The human body acts pretty like a machine, being made up of different systems each with a unique function, and these systems are interconnected as we shall be seeing in future.  Although we have started with the system level, it is good to note that system before the body systems, there are other body organizations that we shall be discussing later as I have already put forward the order of organization.

First, the human body just like an engine, must have air circulating through it and this is the function of the respiratory system.  It is only when the body tissues get enough oxygen, that energy production will be possible.  But it is not oxygen alone but also, it must get rid of the accumulating carbon dioxide via the same respiratory system.  Otherwise reduced or no oxygen supply will lead to death of body tissues and it is even worse when it comes to brain cells and cells of the heart muscles as we shall be seeing in our discussions relation to such systems.  If you would like to get details of the way air circulates, click on the link below.
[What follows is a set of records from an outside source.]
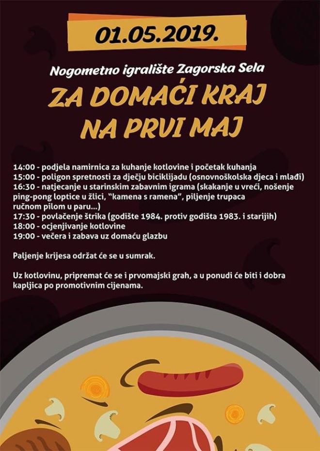 Na nogometnom igralištu u Zagorskim Selima na 1. svibanj održat će se prigodno druženje pod nazivom 'Za domaći kraj na prvi maj'.
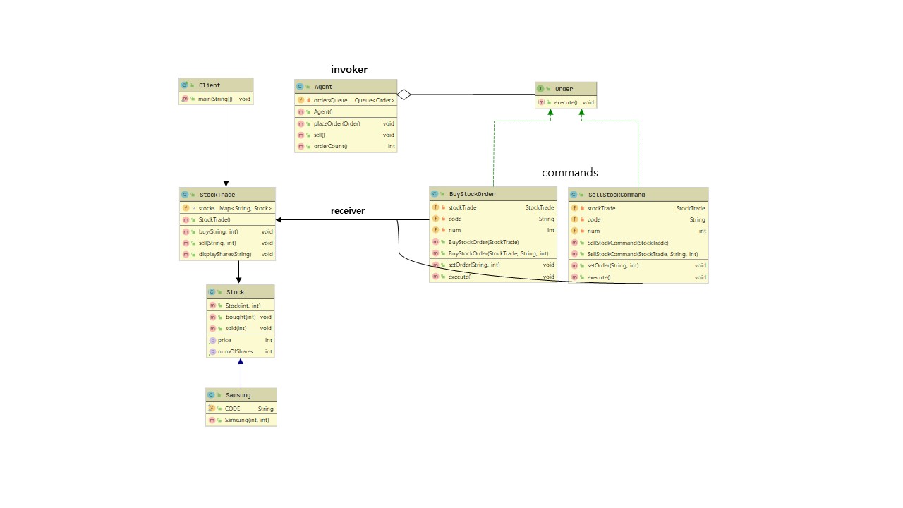 - client는 주식 매수 주문서 (concrete command: BuyStockOrder), 주식 매도 주문서 (concrete command SellStockOrder) 생성
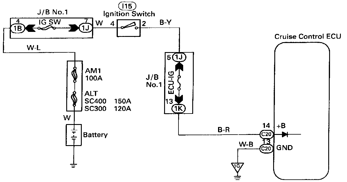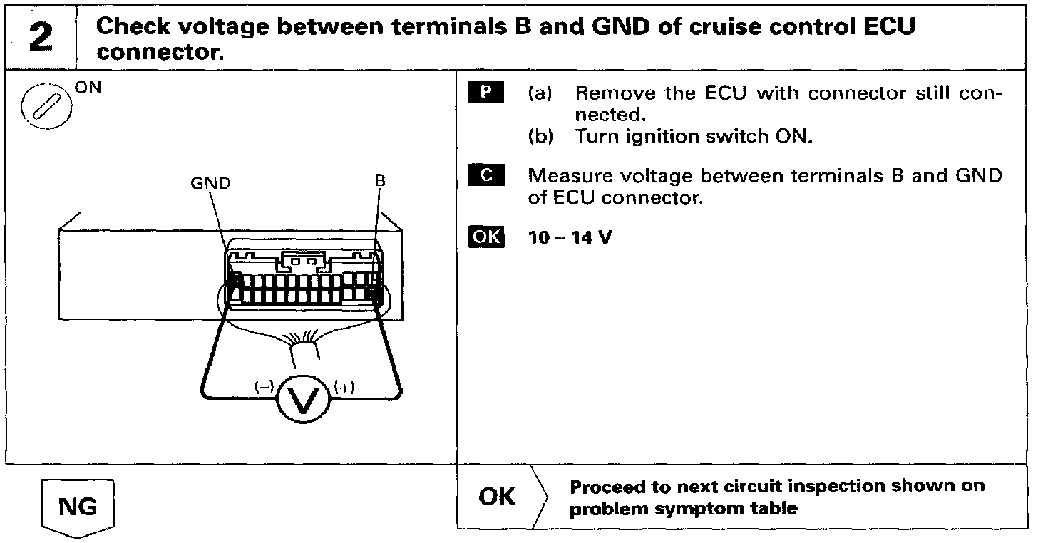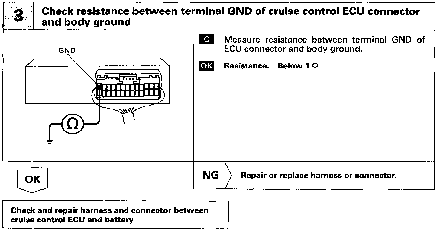 The ECU power source supplies power to the actuator and sensors, etc.. When terminal GND and the cruise control ECU case are grounded.
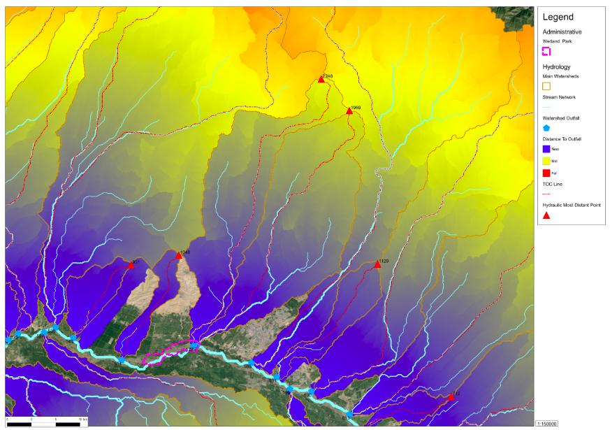 This network was ranked by r.stream extension in GRASS to build Hortons and Hacks stream ordering. Then a distance to outlet surface grid was generated and analyzed by zonal statistics to find the farthest point. Next, r.drain in GRASS to trace a time of concentration line. Finally v.net in GRASS was used to build a network of pour points, flow paths, TOC paths, and HMDP for each watershed. In this workflow, the QGIS tool attribute by location was invaluable.
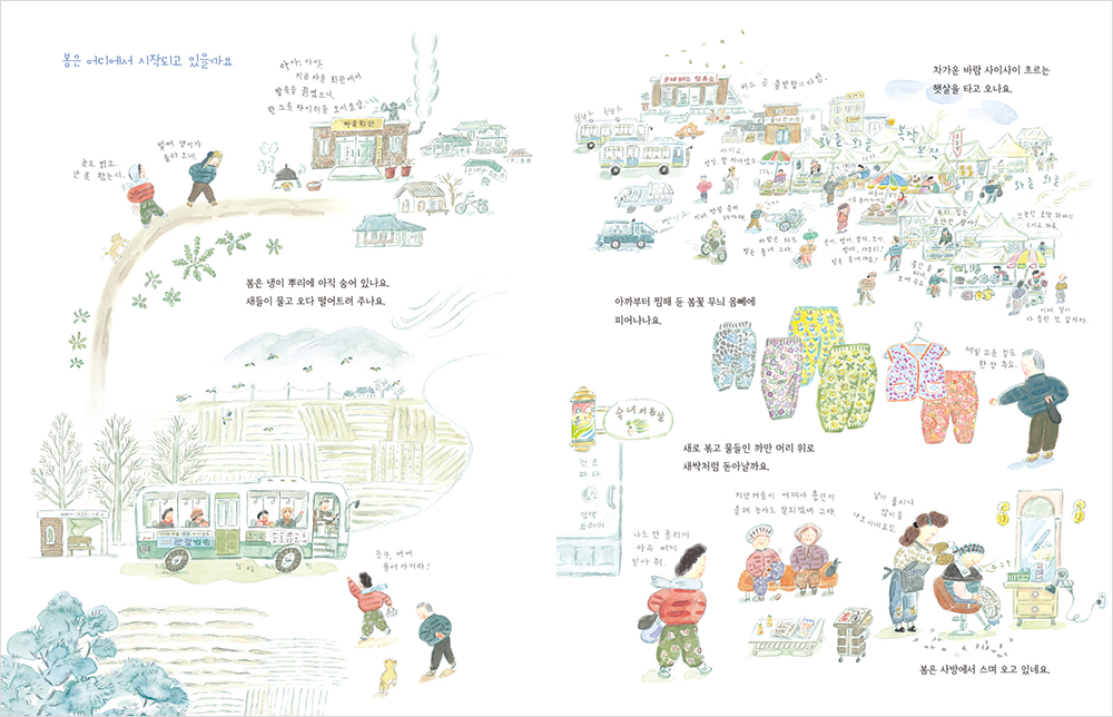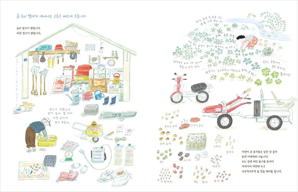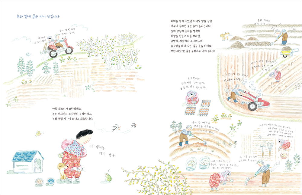 이 책은 한국의 작은 시골마을의 노부부와 강아지 동구의 사계절 속에 작은 농사일들을 그린 그림책입니다. 오랫동안 농사를 지으신 저의 부모님들을 모델로 했기 때문에 더 자연스럽고 공감 가는 그림책이 되지 않았나 싶습니다. 부모님의 농사짓는 모습들이나 대화하는 모습들, 저의 어린 시절 시골에 살던 모습들을 떠올리며 사계절들을 최대한 잘 전달 드리려고 애썼던 것 같아요.
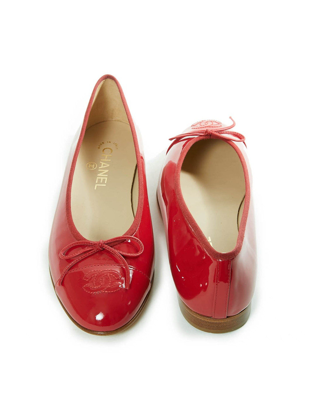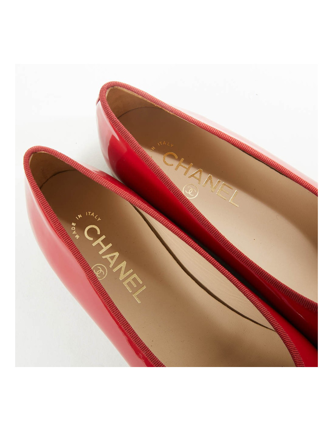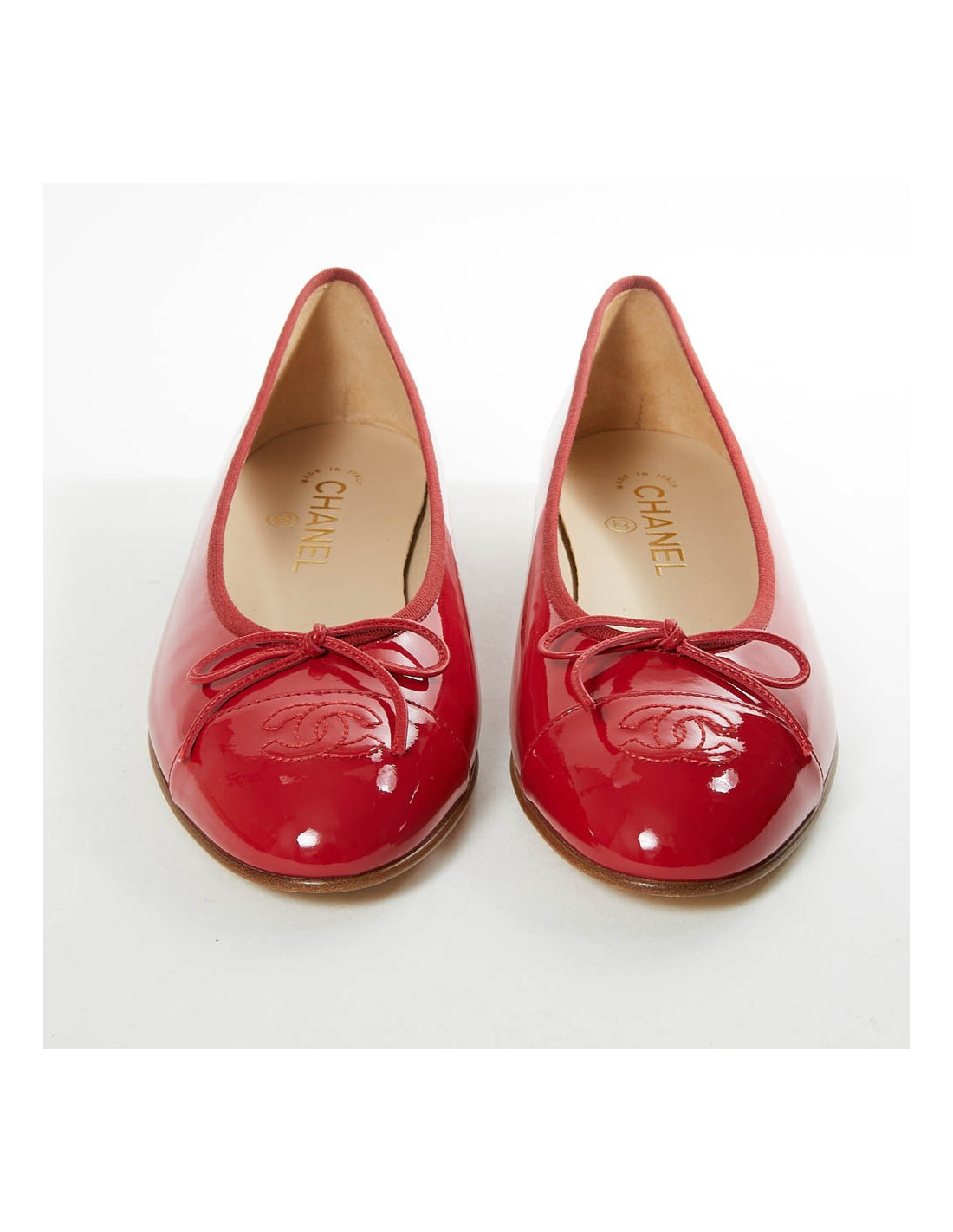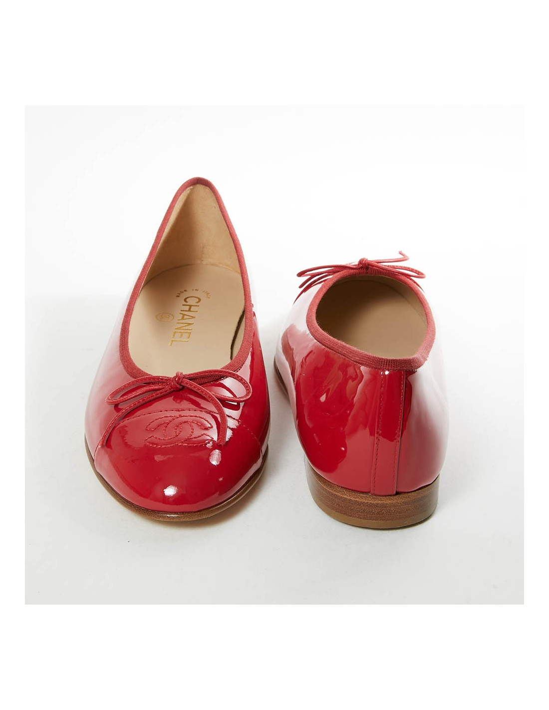 Ballerines T 39.5 CHANEL cuir verni rouge

EXCHANGE OF GASES IN THE HUMAN BODY

As this air enters through the nostrils, it enters the pharynx, to the bronchi, through the bronchioles all the way to the respiratory surface which is a complex network of air sacs where gaseous exchange takes place, and we call these alveola sacs.  

One major component; Oxygen, will be absorbed into the body to be used for cellular respiration by diffusion from the alveola sacs into the blood capillaries.  The end products of oxygen use and energy production then will generate Carbon dioxide, which will be eliminated via the same route from blood capillaries into the alveola sacs.  The respiratory system therefore remains one of the most important and vital systems in life and any compromise in it may result into immediate death of body tissues.

GETTING ALONG OF NUTRIENTS AND CHEMICALS OF LIFE:  As we have seen, the respiratory system does not work alone, but being in conjunction with the Cardiovascular system, the origin of blood supply and circulation.  The cardiovascular system is simply a combination of the heart as the pump, blood vessels that carry blood and blood it's self.  It is this system that is responsible for transportation of product of the earlier talked of, the respiratory system and other nutrients in the body such as glucose and molecules of metabolism.  Without proper functioning of the Cardiovascular system, the body will be deprived of oxygen and glucose especially the vital organs such as the brain and the individual can easily go into a comma state or what we can call in short, altered level of consciousness (ALOC).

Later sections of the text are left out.